WORK INSTRUCTION
Return the records word for word. Pictures do not belong in the copy.

────────────────────

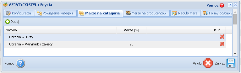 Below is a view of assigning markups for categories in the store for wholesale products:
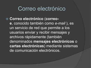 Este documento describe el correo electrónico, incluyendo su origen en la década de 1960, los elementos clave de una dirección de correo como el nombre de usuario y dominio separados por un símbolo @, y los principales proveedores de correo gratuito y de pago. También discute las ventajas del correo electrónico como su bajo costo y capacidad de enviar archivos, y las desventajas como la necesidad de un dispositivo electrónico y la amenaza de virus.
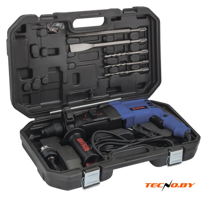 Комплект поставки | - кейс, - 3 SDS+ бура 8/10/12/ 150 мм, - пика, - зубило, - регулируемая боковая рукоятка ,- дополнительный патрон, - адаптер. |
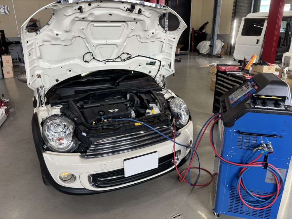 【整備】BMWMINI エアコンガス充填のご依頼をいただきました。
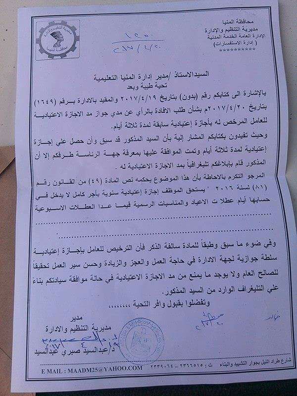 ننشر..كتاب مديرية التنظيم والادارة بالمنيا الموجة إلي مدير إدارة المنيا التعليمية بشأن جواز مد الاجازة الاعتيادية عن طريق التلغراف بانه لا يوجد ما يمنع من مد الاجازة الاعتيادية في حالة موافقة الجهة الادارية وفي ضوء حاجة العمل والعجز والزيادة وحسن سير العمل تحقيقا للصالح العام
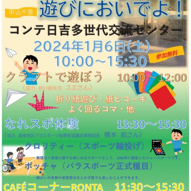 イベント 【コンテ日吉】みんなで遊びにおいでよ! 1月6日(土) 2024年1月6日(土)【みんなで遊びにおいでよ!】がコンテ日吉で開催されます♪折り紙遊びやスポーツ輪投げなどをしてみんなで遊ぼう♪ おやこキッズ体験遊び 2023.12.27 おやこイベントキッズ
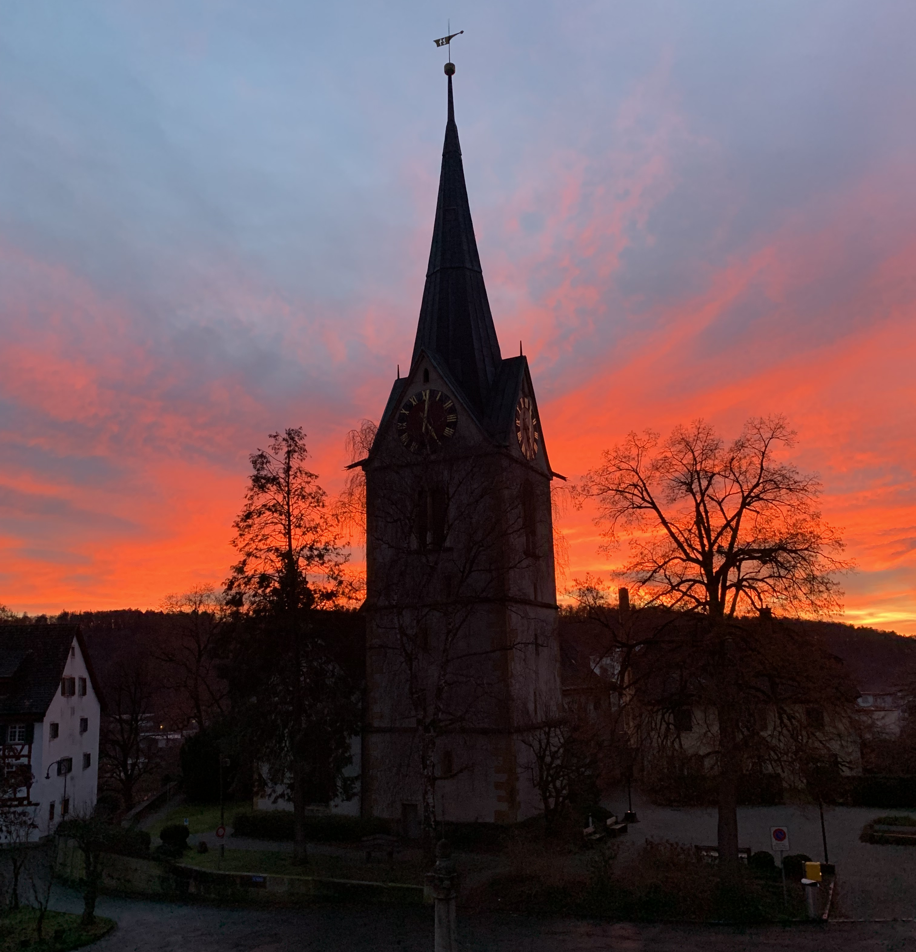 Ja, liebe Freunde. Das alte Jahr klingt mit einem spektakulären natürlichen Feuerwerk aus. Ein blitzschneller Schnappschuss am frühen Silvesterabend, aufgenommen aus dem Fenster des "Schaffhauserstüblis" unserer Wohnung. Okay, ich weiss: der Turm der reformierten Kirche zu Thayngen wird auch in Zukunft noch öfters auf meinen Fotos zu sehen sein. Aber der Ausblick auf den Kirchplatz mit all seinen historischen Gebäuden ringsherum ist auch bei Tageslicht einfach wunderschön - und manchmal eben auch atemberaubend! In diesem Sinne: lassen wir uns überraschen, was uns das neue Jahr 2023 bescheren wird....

────────────────────

YOUR RESPONSE
 Below is a view of assigning markups for categories in the store for wholesale products:
 Este documento describe el correo electrónico, incluyendo su origen en la década de 1960, los elementos clave de una dirección de correo como el nombre de usuario y dominio separados por un símbolo @, y los principales proveedores de correo gratuito y de pago. También discute las ventajas del correo electrónico como su bajo costo y capacidad de enviar archivos, y las desventajas como la necesidad de un dispositivo electrónico y la amenaza de virus.
 Комплект поставки | - кейс, - 3 SDS+ бура 8/10/12/ 150 мм, - пика, - зубило, - регулируемая боковая рукоятка ,- дополнительный патрон, - адаптер. |
 【整備】BMWMINI エアコンガス充填のご依頼をいただきました。
 ننشر..كتاب مديرية التنظيم والادارة بالمنيا الموجة إلي مدير إدارة المنيا التعليمية بشأن جواز مد الاجازة الاعتيادية عن طريق التلغراف بانه لا يوجد ما يمنع من مد الاجازة الاعتيادية في حالة موافقة الجهة الادارية وفي ضوء حاجة العمل والعجز والزيادة وحسن سير العمل تحقيقا للصالح العام
 イベント 【コンテ日吉】みんなで遊びにおいでよ! 1月6日(土) 2024年1月6日(土)【みんなで遊びにおいでよ!】がコンテ日吉で開催されます♪折り紙遊びやスポーツ輪投げなどをしてみんなで遊ぼう♪ おやこキッズ体験遊び 2023.12.27 おやこイベントキッズ
 Ja, liebe Freunde. Das alte Jahr klingt mit einem spektakulären natürlichen Feuerwerk aus. Ein blitzschneller Schnappschuss am frühen Silvesterabend, aufgenommen aus dem Fenster des "Schaffhauserstüblis" unserer Wohnung. Okay, ich weiss: der Turm der reformierten Kirche zu Thayngen wird auch in Zukunft noch öfters auf meinen Fotos zu sehen sein. Aber der Ausblick auf den Kirchplatz mit all seinen historischen Gebäuden ringsherum ist auch bei Tageslicht einfach wunderschön - und manchmal eben auch atemberaubend! In diesem Sinne: lassen wir uns überraschen, was uns das neue Jahr 2023 bescheren wird....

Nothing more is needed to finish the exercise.